The first method was to remove backslashes. If I did that with .replace() it would get rid of every backslash of course, so I need a way to get rid of only one backslash everytime it encounters a backslash.

The other method is to firstly, convert the unicode characters to actual characters, and then replace all the backslashes but I'm not sure how I would go about coverting the characters. Sadly, decode("utf-8") doesn't work.

Whats the best way to do this?
Reply
#2
Please show what you've tried so far.
Reply
#3
(May-14-2020, 06:11 PM)Larz60+ Wrote: Please show what you've tried so far.

As I said, I have already tried combinations of .encode()/.decode(), with no luck.

My next idea was have a function which loops through the string until it finds a backslash.

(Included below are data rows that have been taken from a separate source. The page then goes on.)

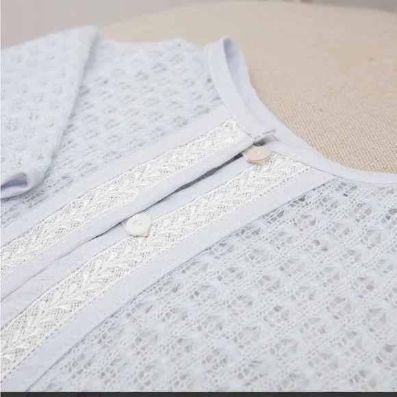 Baby Beau & Belle Harrison Sweater 3-Piece Pant Suit Includes: Sweater, Pants & OnesieSize 6-9 monthsHandmade in the USAThis adorable baby boy 3-piece suit is a beautiful option for his special day! The pants are designed with a textured 100% white cotton with an adorable pleated detail. A soft elastic waist creates an easy fit. The blue knit sweater is super soft and detailed with ivory lace and blue linen. The cotton/rayon blend shirt underneath is super soft, making this an outfit he will be comfortable in all day. The perfect baby boy wedding outfit or baby boy suit for special occasions such as baptism, christening, or first birthday pictures! Your dapper dude will look dashing in all those pix you´ll be snapping.100% White Quilted CottonLight Blue KnitWhite Cotton/Rayon Blend ShirtIvory LaceButton Closure & Detail
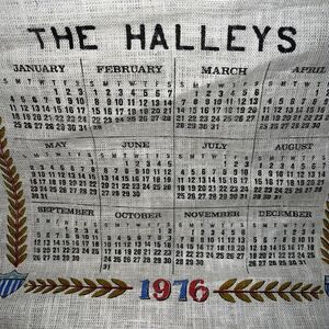 Add a touch of vintage charm to your kitchen with this 1976 calendar towel. Celebrating the BiCentennial 200 Years of Freedom, this rectangular linen kitchen towel features a charming Americana pattern with farm life and patriotic themes. Measuring 29 inches in height and 16 inches in width, this one-of-a-kind piece is perfect for all occasions.
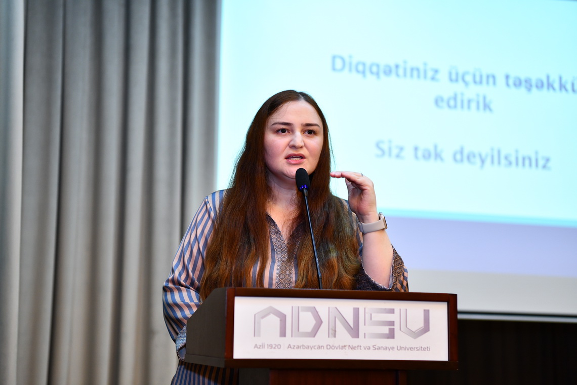 Oktyabrın 10-da Azərbaycan Dövlət Neft və Sənaye Universitetində (ADNSU) “Dünya Psixi Sağlamlıq Günü” münasibətilə tələbələr üçün maarifləndirici təlim təşkil olunub. Təlimdə universitetin bütün kurslardan olan tələbələr iştirak ediblər.
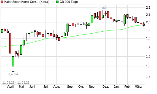 Mit dem Anstieg auf 1,97 EUR hat die Qingdao Haier-Aktie am 10.03.2026 die 200-Tage-Linie nach oben gekreuzt.Die Qingdao Haier-Aktie befand sich seit dem 09.03.2026 im ...weiterlesen

It would then replace that backslash, and that backslash only. (Every time it found a backslash it would just replace a single one of them). So that would mean, if it was an escaped Unicode id like this: \\u... , once it had gone through the function it would become: \u...
The issue with that is that the number of backslashes is inconsistent - there's one backslash before a quotation mark, but there's three in the html line breaks, meaning my function wouldn't work.

The most simple way, I think, is this:
chars = {
        "\u00a0", "	 ", #no break space
        "\u00fc", "ü",
        "...", "...",
        "...", "..."
}

for char in chars:
    if (char in json):
        json.replace(char, chars[char])
Just replace the Unicode ids with their respective characters. I have to get all the Unicode characters which are likely to show up - this isn't too much of an issue since I know there isn't that many.

The reason I haven't done thus is that I'm not a big fan of hard-coding values because if you hard-code and a change happens, for instance the json changes, then nine times out of ten, it's going to break your program.
This may well have to be the route I have to take, however.


I'll also give a little more info on where this json comes from:
The json is stored in a JavaScript file, in a variable called 'ACTIVITY_DATA'
When I use requests to get the whole page, I start by replacing that string:
answer_json = requests.get(src).text.replace("ACTIVITY_DATA = ", "")
The json has some weird quotes in it that make it invalid: (highlighted red)

{"1":"[{.........}]"}

So I do some substringing to remove them:
new_answers = answer_json[:5] + answer_json[6:-2] + answer_json[-3:-2]
And then that leaves me with the json I have now, but still full of escape characters.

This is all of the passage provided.